Mel Cavaricci, the artist better known as DJ Mel, is one of the top party rockers in the country. He’s played big stages at Lollapalooza and Austin City Limits Festival, his long-running Rock the Casbah party is an Austin fave, and from 2012-2016, he essentially served as President Obama’s personal DJ.

DJ Mel at Nasty’s in June of 2016. Erika Rich for American-Statesman

FROM THE ARCHIVES: DJ Mel on rocking Obama headquarters on election night

But through it all, he kept the gig that launched him, the weekly hip-hop party on Monday nights at Nasty’s that he started in 1996. It ran for 21 years, making it the longest running hip-hop party in Austin by a long shot and a local institution for several generations of ATX hip-hop heads.

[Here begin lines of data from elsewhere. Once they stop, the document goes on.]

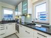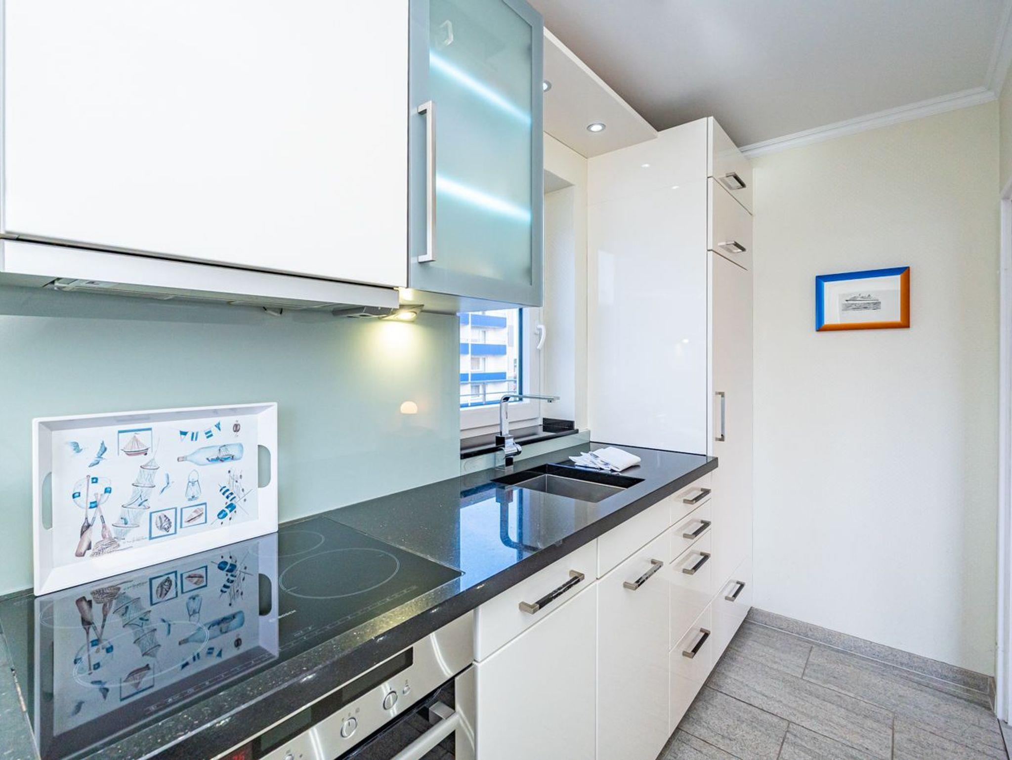 Die vom Wohnraum begehbare exklusive, neue Küche mit zwei Fenstern und Granitarbeitsplatte besteht aus Geschirrspüler, Induktionskochfeld (4 Kochfelder), Backofen mit Mikrowellenfunktion und einem Kühlschrank mit 4-Sterne-Gefrierfach.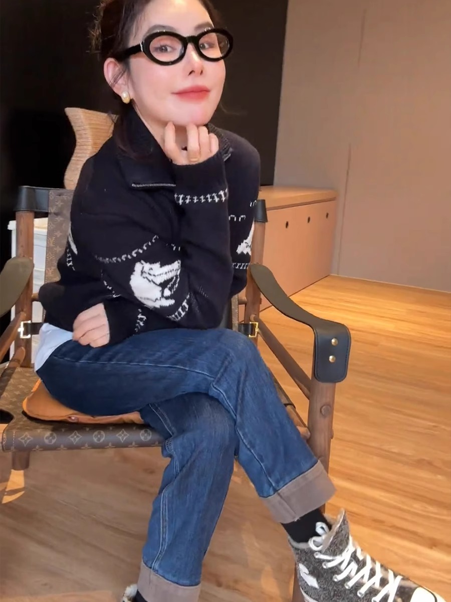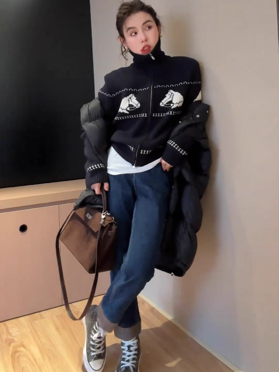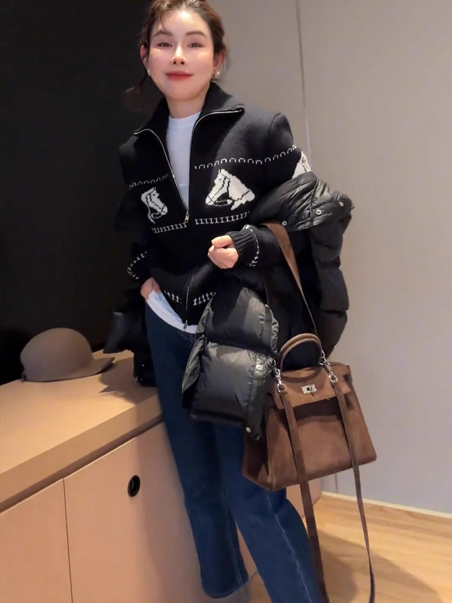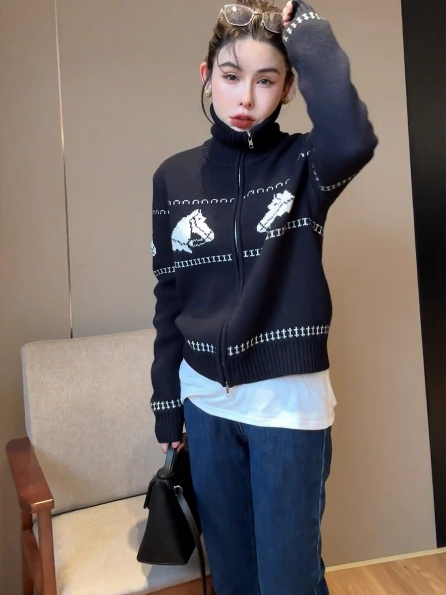 2025 Spring & Fall New Arrival K-style Temperamental Minority Jacquard Stand Collar Zipper Knitting Sweater Western Style Chic Outwear Women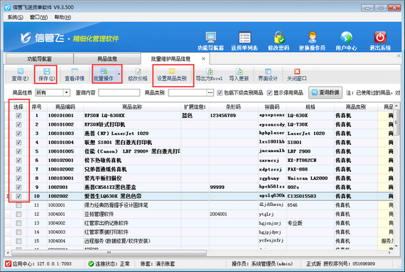 ????進入批量維護商品信息界面后,點擊“批量操作”進入批量操作模式,打鉤選擇要批量設置商品類別的商品信息,然后點擊“設置商品類別”即可批量設置所選商品的商品類別,設置后點擊“保存”按鈕保存設置即可。
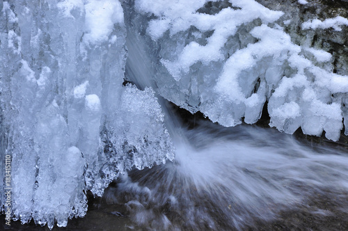 Rezerwat przyrody "Wąwóz Myśliborski" w zimowej scenerii. Zimowe formacje lodowe wzdłuż ośnieżonego brzegu rzeki z soplami i płynącą wodą.

It also outlasted the vast majority of weekly happenings around the country.

In a post on his official DJ Mel Facebook page Tuesday night, Cavaricci attributed the end of the party’s run to a change in management at Nasty’s, the rugby-themed North Campus dive where he held court. “The place has changed hands and will be something else soon,” he wrote.

An excited crowd dances at DJ Mel’s hip-hop residency at Nasty’s in June 2016. Erika Rich for American-Statesman

He closed this lengthy chapter of his career with no bitterness, saying he “felt okay with it.” Crowds throughout the two decades of the party waxed and waned, and as his career as a world-renowned DJ took off, ironically, the dance floor at Nasty’s thinned.

Instead, he took time to reminisce warmly about the early days.

“When I first walked into that bar, I finally found a place to express myself and cut my teeth as a party DJ,” he said. “Soon, it was packed every week, for many years. What a sight to see – people from all walks of life, crammed into a little room with a mutual love for hip hop. It was amazing.”

He also shouted out the many DJs who shared the stage, the club’s ownership and staff and “all the folks that have walked through the doors since 1996.”

“Your support throughout the years means the world to me,” he said.

Eva Musoke, a longtime fan of DJ Mel’s hip-hop residency at Nasty’s dances at the party in June of 2016.
Erika Rich for American-Statesman

In the post he hinted at the possibility of taking “the spirit of Nasty’s” to another location.

But tonight, the thousands of us who worked our bodies into a sweaty mess on the tight packed dance floor, who lounged on the patio and struck up lifelong friendships with fellow hip-hop heads, who lost countless quarters on video games we were too drunk to play, will pour a pitcher of cheap frozen ‘Ritas on the ground in honor of the passing.